═════ Records to use

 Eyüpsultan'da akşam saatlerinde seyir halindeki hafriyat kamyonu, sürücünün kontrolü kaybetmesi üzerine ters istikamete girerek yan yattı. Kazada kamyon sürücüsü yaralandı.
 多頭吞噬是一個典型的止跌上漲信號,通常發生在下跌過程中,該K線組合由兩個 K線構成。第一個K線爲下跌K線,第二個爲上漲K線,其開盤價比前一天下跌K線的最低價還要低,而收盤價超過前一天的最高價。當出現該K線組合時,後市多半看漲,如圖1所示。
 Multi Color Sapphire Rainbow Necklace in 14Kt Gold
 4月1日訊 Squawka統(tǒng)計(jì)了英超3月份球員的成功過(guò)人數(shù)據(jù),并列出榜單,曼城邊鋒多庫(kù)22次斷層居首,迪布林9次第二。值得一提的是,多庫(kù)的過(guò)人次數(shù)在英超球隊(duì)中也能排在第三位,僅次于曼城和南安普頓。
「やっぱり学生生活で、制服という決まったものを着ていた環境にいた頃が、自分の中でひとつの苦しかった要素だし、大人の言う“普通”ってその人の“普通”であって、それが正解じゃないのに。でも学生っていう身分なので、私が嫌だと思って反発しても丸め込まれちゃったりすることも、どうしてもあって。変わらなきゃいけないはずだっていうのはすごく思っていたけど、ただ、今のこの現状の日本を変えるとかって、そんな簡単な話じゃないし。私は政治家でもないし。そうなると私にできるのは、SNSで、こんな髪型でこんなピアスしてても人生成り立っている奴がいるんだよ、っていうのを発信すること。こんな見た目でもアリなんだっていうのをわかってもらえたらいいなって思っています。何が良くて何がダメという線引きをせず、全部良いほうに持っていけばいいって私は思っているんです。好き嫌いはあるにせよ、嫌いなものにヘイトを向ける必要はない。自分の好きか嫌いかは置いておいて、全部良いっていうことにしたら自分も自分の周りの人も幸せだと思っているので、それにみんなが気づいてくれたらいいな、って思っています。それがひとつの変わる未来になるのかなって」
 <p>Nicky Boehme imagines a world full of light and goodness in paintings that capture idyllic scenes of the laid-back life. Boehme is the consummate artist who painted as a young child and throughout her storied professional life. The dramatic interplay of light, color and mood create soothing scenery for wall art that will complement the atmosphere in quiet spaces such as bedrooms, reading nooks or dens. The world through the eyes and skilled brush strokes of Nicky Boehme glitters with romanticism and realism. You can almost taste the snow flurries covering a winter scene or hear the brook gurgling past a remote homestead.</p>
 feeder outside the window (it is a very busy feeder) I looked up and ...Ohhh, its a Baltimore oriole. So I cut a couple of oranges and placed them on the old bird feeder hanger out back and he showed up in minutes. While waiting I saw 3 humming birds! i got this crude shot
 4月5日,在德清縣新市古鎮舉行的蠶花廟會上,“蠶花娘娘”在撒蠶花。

══════════
═════ Records to use

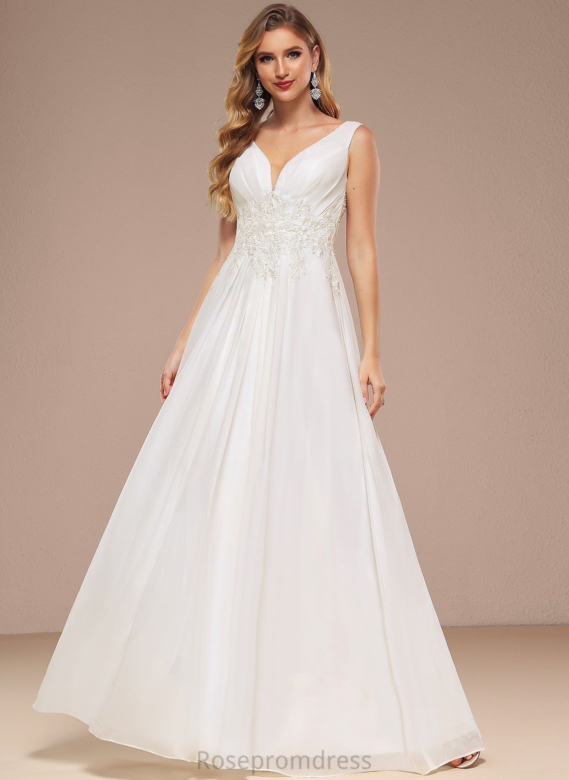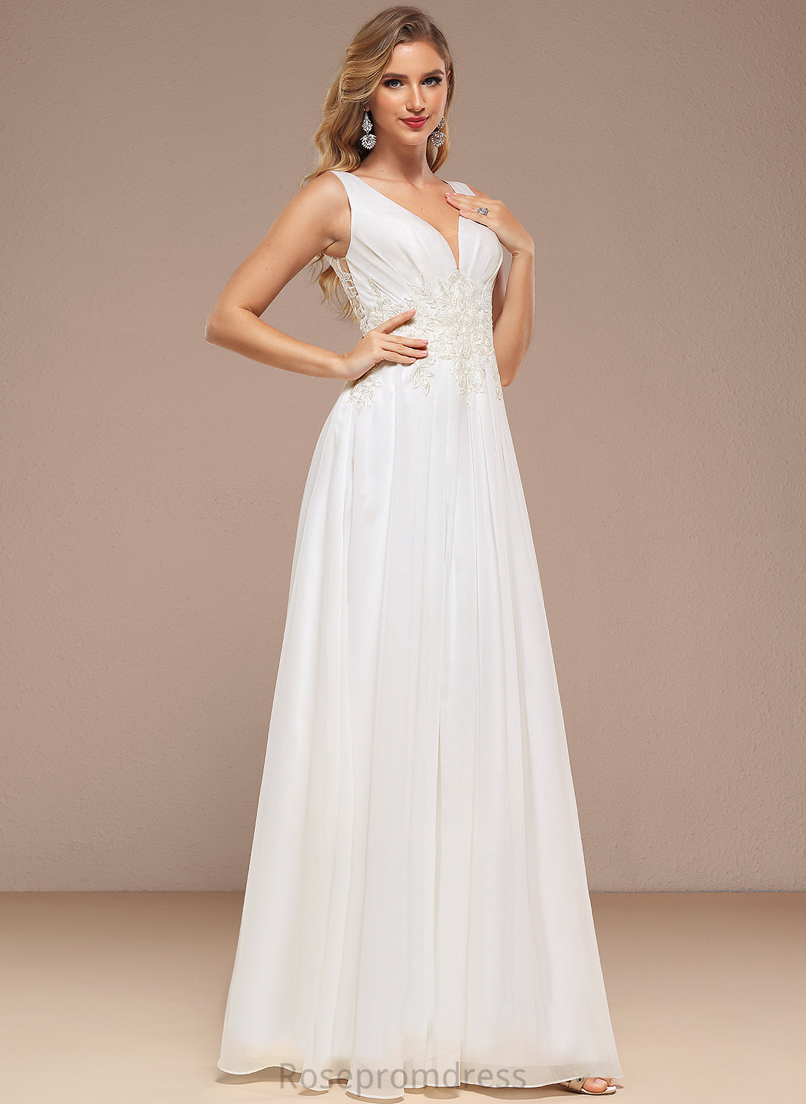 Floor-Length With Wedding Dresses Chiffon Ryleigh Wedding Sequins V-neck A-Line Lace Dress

══════════
═════ Records to use

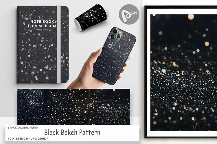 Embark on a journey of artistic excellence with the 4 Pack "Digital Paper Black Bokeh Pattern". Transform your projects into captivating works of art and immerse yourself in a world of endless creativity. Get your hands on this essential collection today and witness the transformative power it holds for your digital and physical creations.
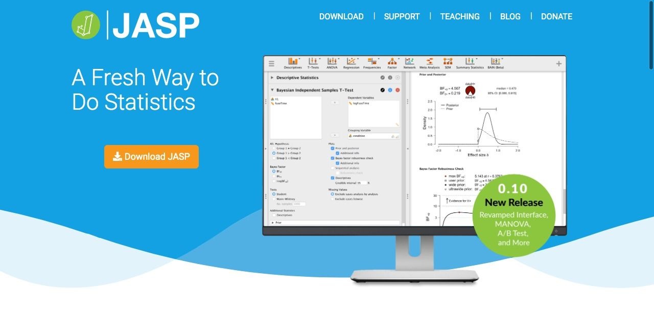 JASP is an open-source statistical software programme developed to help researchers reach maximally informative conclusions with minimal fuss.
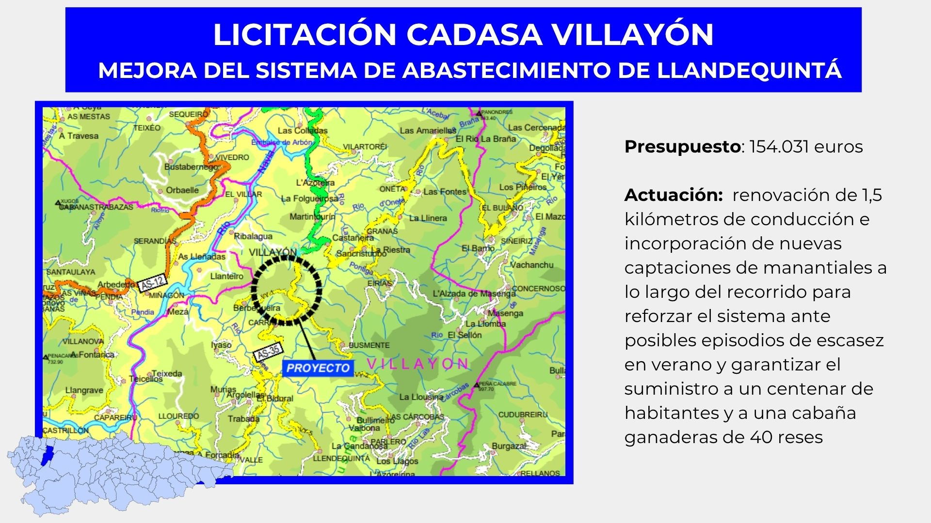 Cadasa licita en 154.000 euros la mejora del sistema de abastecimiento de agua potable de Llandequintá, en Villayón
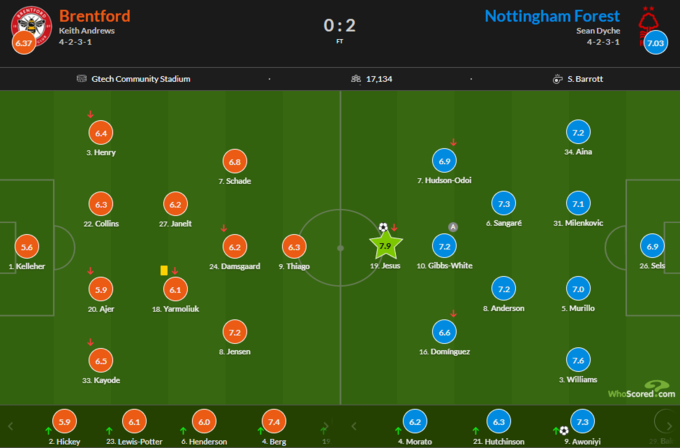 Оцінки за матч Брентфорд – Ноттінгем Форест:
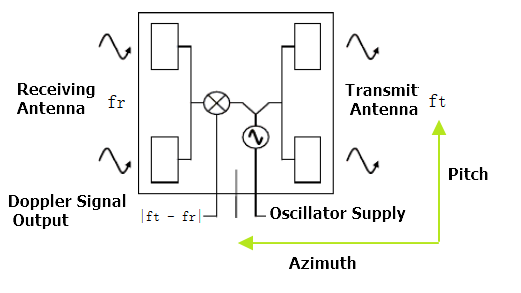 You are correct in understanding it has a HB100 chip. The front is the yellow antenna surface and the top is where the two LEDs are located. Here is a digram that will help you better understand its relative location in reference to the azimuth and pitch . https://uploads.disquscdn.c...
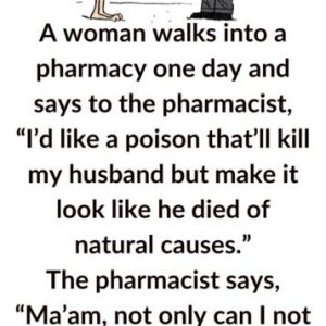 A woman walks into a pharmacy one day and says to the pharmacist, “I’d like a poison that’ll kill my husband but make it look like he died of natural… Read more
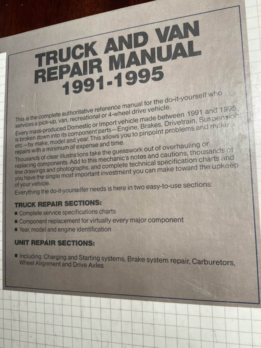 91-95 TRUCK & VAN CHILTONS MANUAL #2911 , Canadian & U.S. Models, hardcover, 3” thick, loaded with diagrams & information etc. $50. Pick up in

══════════

**Task to carry out:**
Using the records above, return verbatim only the part that opens with the line containing "Оцінки за матч" and closes with the line containing "You are correct"; pictures stay out.

**Expected answer:**
 Оцінки за матч Брентфорд – Ноттінгем Форест:
 You are correct in understanding it has a HB100 chip. The front is the yellow antenna surface and the top is where the two LEDs are located. Here is a digram that will help you better understand its relative location in reference to the azimuth and pitch . https://uploads.disquscdn.c...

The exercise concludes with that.